### EXERCISE DATA
<<<<

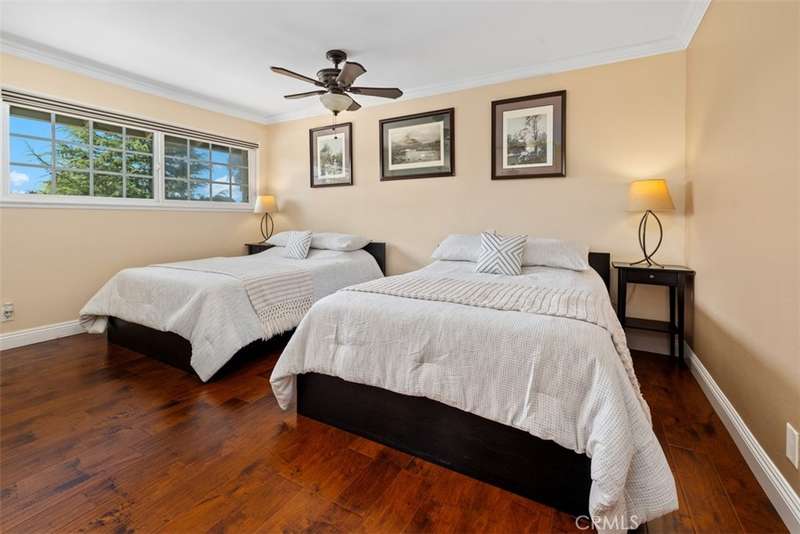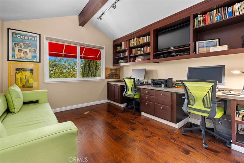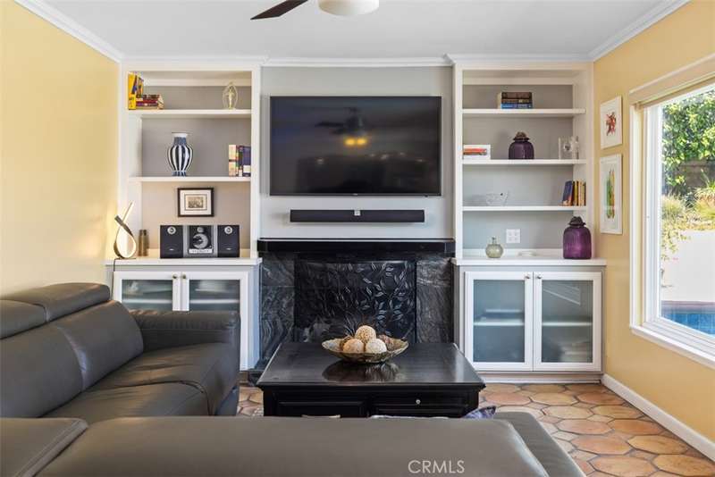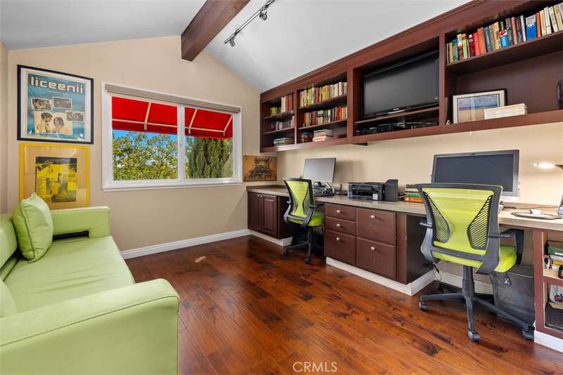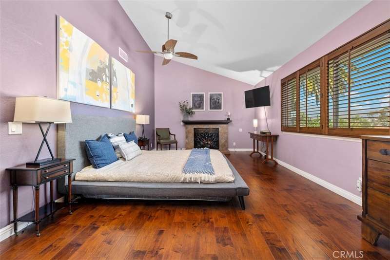 The primary suite is a luxurious retreat, highlighted by a fireplace, wood flooring, plantation shutters, mirrored closets, and a beautifully remodeled spa-inspired bath. Three additional rooms provide flexibility--two generously sized rooms that share a remodeled bathroom, plus a fourth room thoughtfully designed as a home office with built-in cabinetry.
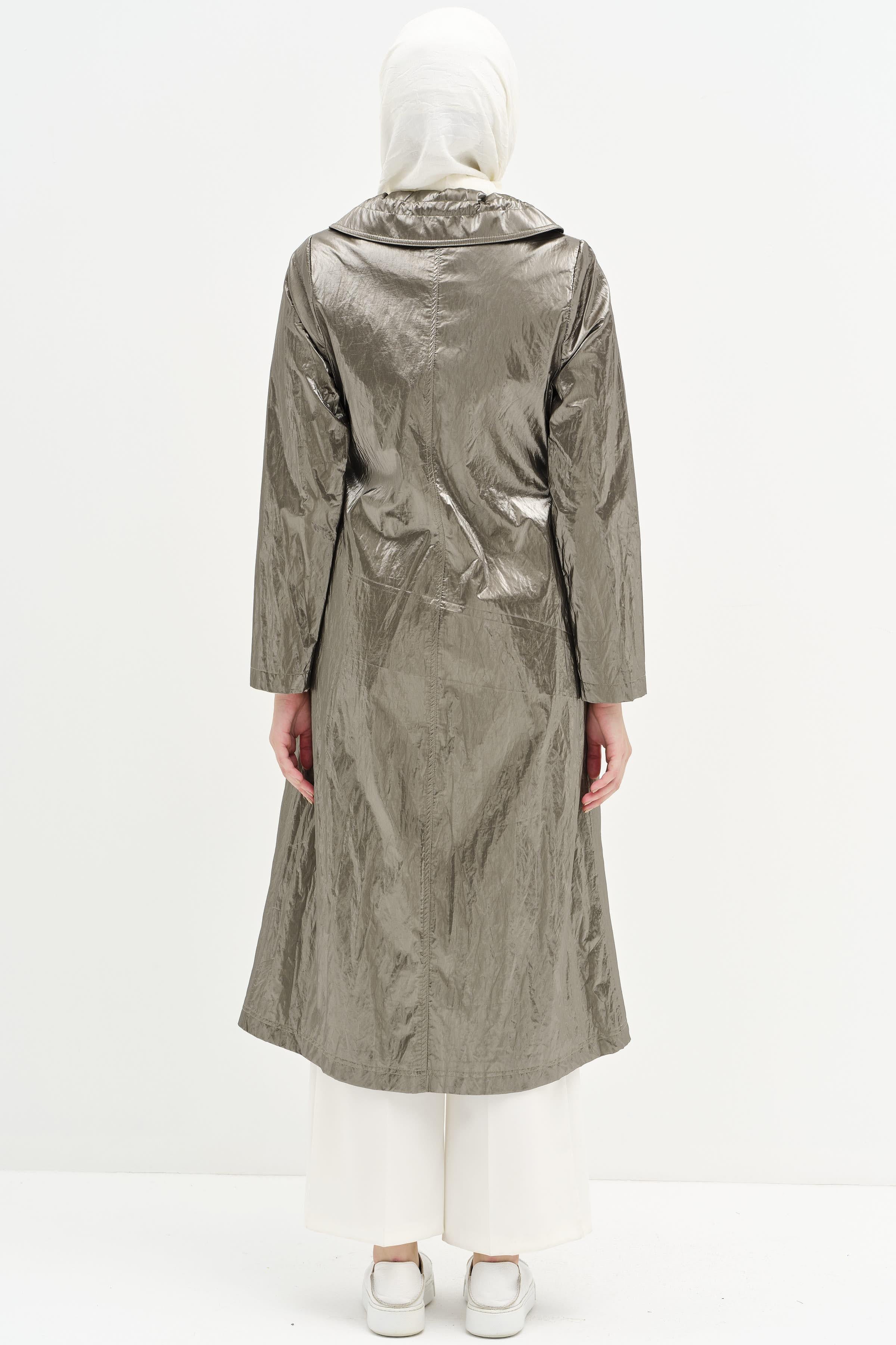 Imperméable avec poches à rabat et taille élastique - Gris
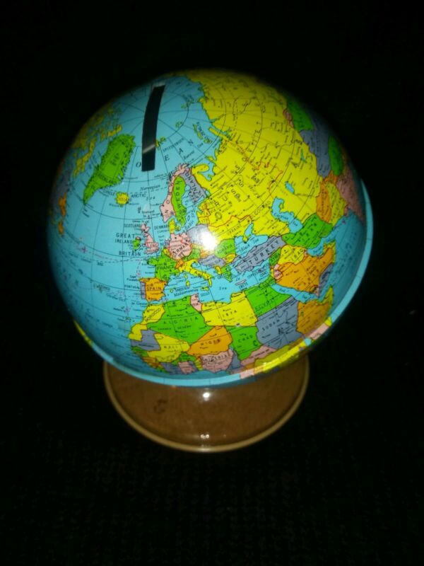 *Small Vintage Ohio Art Co. Bryan Ohio USA Tin World Globe Coin Bank *piggy bank

>>>>

### WORK ORDER
Retype each line of the listing above word for word. Exclude the pictures.

### TASK RESPONSE
 The primary suite is a luxurious retreat, highlighted by a fireplace, wood flooring, plantation shutters, mirrored closets, and a beautifully remodeled spa-inspired bath. Three additional rooms provide flexibility--two generously sized rooms that share a remodeled bathroom, plus a fourth room thoughtfully designed as a home office with built-in cabinetry.
 Imperméable avec poches à rabat et taille élastique - Gris
 *Small Vintage Ohio Art Co. Bryan Ohio USA Tin World Globe Coin Bank *piggy bank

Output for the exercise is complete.